Integrations with Bigtable

This page describes integrations between Bigtable and other products and services.

Google Cloud services

This section describes the Google Cloud services that Bigtable integrates with.

BigQuery

BigQuery is Google's fully managed, petabyte-scale, low-cost analytics data warehouse. You can use BigQuery with Bigtable for the following purposes:

You can create a BigQuery external table and then use it to query your Bigtable table and join the data to other BigQuery tables. For more information, see Query Bigtable data.
You can export your BigQuery data to a Bigtable table by using reverse ETL (RETL) from BigQuery to Bigtable. For more information, see Export data to Bigtable.

Cloud Asset Inventory

Cloud Asset Inventory, which provides inventory services based on a time series database, supports and returns Bigtable resources types. For a complete list, see Supported resource types.

Dataplex Universal Catalog

Dataplex Universal Catalog and Data Catalog (deprecated) automatically catalog metadata about Bigtable resources. Cataloged information about your data can help facilitate analysis, data reuse, application development, and data management. For more information, see Manage data assets using Data Catalog.

Dataflow

Dataflow is a cloud service and programming model for big data processing. Dataflow supports both batch and streaming processing. You can use Dataflow to process data that is stored in Bigtable or to store the output of your Dataflow pipeline. You can also use Dataflow templates to export and import your data as Avro, Parquet, or SequenceFiles.

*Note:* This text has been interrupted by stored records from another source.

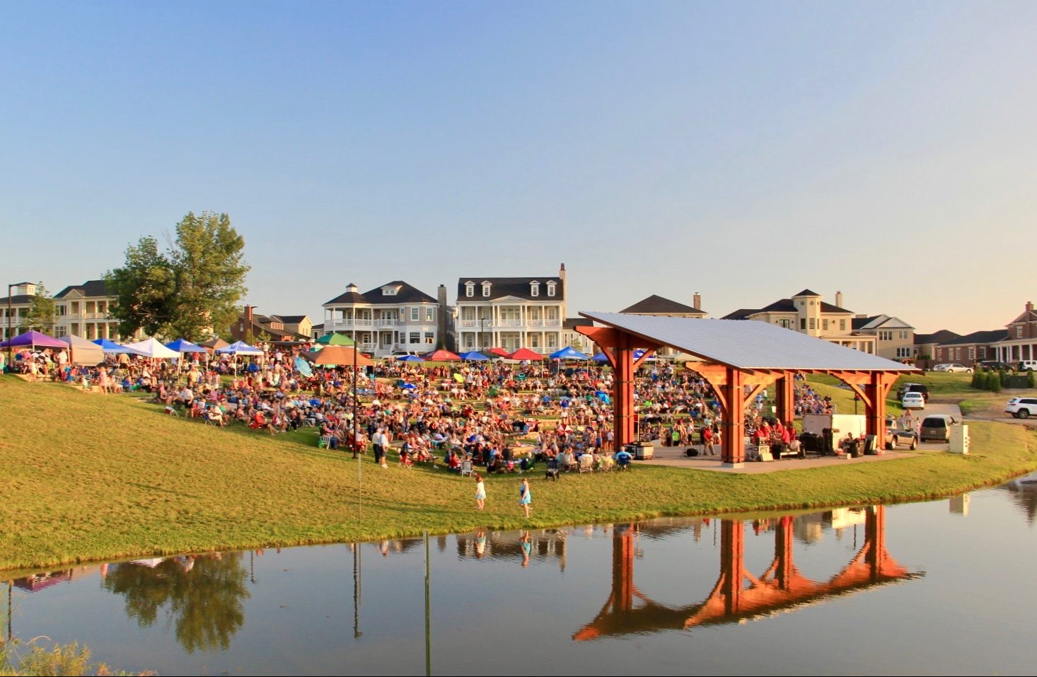 Civic amenities: town square, 2 elementary schools, community pool with clubhouse, and a community garden.
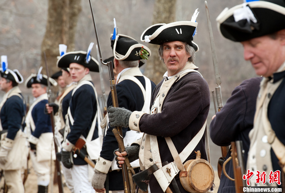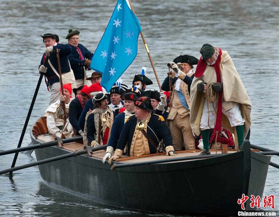 12月25日圣誕節(jié),在美國賓夕法尼亞州華盛頓橫渡歷史公園,身著美國獨立戰(zhàn)爭期間大陸軍軍裝的“士兵們”在“喬治·華盛頓”(右二)的引領(lǐng)下乘船渡過特拉華河。
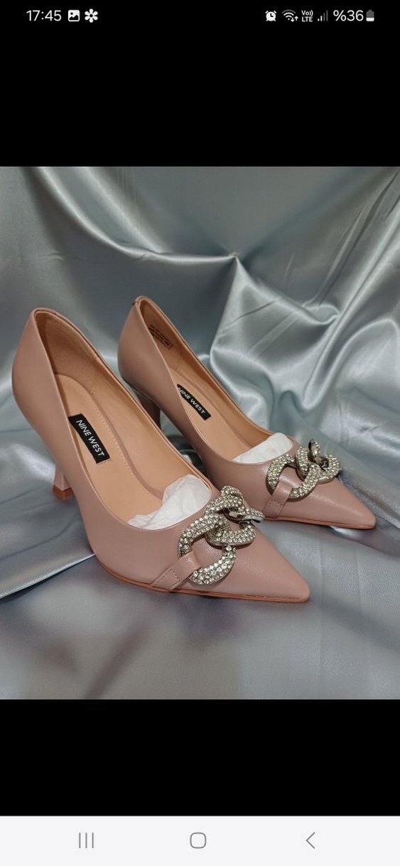 Bej renkte, tokalı ve taşlı detaylı modern klasik stilettolar, ofis için uygun yüksek topuklu ayakkabılar.
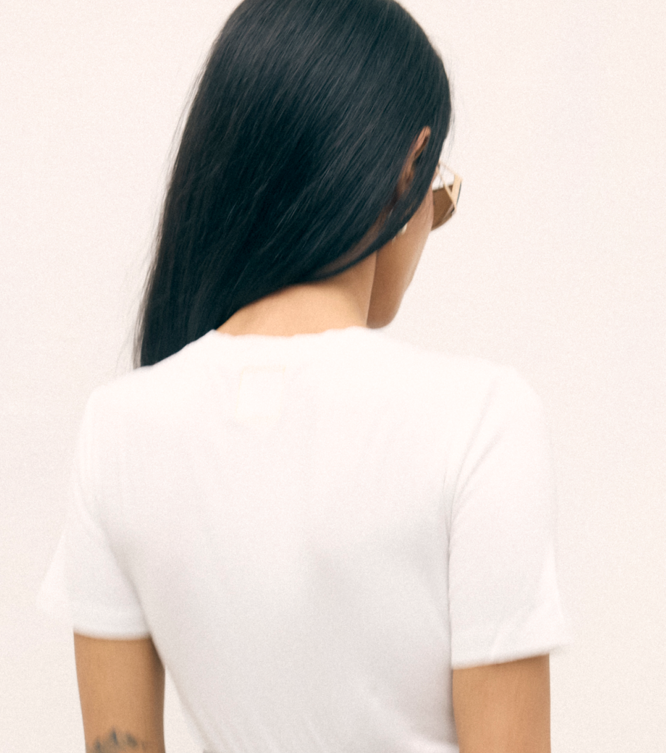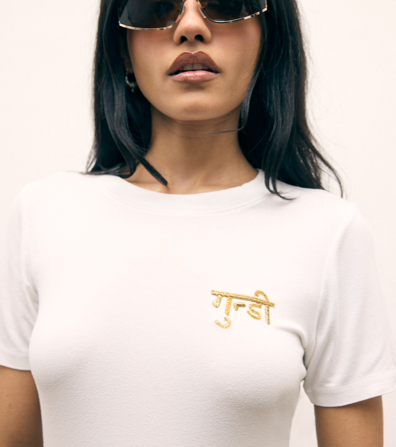 Employing time-intensive techniques for casual clothing like our t-shirt gives us more chances to support skilled artisans whose livelihoods are at risk due to diminishing demand for traditional crafts. This is your favourite white tee, elevated by a tiny hand-embroidered Gundi nameplate.

To get started, see Bigtable Beam connector.

You can also use Bigtable as a key-value lookup to enrich the data in a pipeline. For an overview, see Enrich streaming data. For a tutorial, see Use Apache Beam and Bigtable to enrich data.

Dataproc

Dataproc provides Apache Hadoop and related products as a managed service in the cloud. With Dataproc, you can run Hadoop jobs that read from and write to Bigtable.

For an example of a Hadoop MapReduce job that uses Bigtable, see the /java/dataproc-wordcount directory in the GitHub repository GoogleCloudPlatform/cloud-bigtable-examples.

Vertex AI Vector Search

Vertex AI Vector Search is a technology that can search from billions of semantically similar or semantically related items. It's useful for implementing recommendation engines, chatbots, and text classification.

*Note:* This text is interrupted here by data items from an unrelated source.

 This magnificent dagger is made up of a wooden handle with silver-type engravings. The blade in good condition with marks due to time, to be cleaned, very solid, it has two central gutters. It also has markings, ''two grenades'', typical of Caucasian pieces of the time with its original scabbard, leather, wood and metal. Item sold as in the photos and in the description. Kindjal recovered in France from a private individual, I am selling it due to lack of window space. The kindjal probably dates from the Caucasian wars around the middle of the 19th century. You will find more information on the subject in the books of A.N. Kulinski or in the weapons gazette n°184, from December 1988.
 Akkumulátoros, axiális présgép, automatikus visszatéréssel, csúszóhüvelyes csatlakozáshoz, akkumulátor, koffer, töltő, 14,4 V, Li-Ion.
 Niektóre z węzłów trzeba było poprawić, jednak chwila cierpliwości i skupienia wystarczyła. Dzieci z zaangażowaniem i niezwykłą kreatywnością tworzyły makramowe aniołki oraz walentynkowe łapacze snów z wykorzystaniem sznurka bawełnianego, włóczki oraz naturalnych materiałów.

You can use Bigtable to store vector embeddings, export them into a Vector Search index, and then query the index for similar items. For a tutorial that demonstrates a sample workflow, see Bigtable to Vertex AI Vector Search Export in the workflows-demos GitHub repository.

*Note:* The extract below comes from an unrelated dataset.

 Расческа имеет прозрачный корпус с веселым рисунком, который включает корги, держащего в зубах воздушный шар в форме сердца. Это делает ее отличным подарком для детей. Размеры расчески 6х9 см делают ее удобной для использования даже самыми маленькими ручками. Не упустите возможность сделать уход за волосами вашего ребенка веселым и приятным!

You can also push streaming updates to keep the vector search index in sync with Bigtable in real time. For more information, see the Bigtable change streams to Vector Search template.

Big Data

This section describes Big Data products that Bigtable integrates with.

Apache Beam

Apache Beam is a unified model for defining batch and streaming data-parallel processing pipelines. The Bigtable Beam connector (BigtableIO) helps you perform batch and streaming operations on Bigtable data in a pipeline.

For a tutorial showing how to use the Bigtable Beam connector to deploy a data pipeline to Dataflow, see Process a Bigtable change stream.

Apache Hadoop

Apache Hadoop is a framework that enables distributed processing of large data sets across clusters of computers. You can use Dataproc to create a Hadoop cluster, then run MapReduce jobs that read from and write to Bigtable.

For an example of a Hadoop MapReduce job that uses Bigtable, see the /java/dataproc-wordcount directory in the GitHub repository GoogleCloudPlatform/cloud-bigtable-examples.

StreamSets Data Collector

StreamSets Data Collector is a data-streaming application that you can configure to write data to Bigtable. StreamSets provides a Bigtable library in its GitHub repository at streamsets/datacollector.

Graph databases

This section describes graph databases that Bigtable integrates with.

HGraphDB

HGraphDB is a client layer for using Apache HBase or Bigtable as a graph database. It implements the Apache TinkerPop 3 interfaces.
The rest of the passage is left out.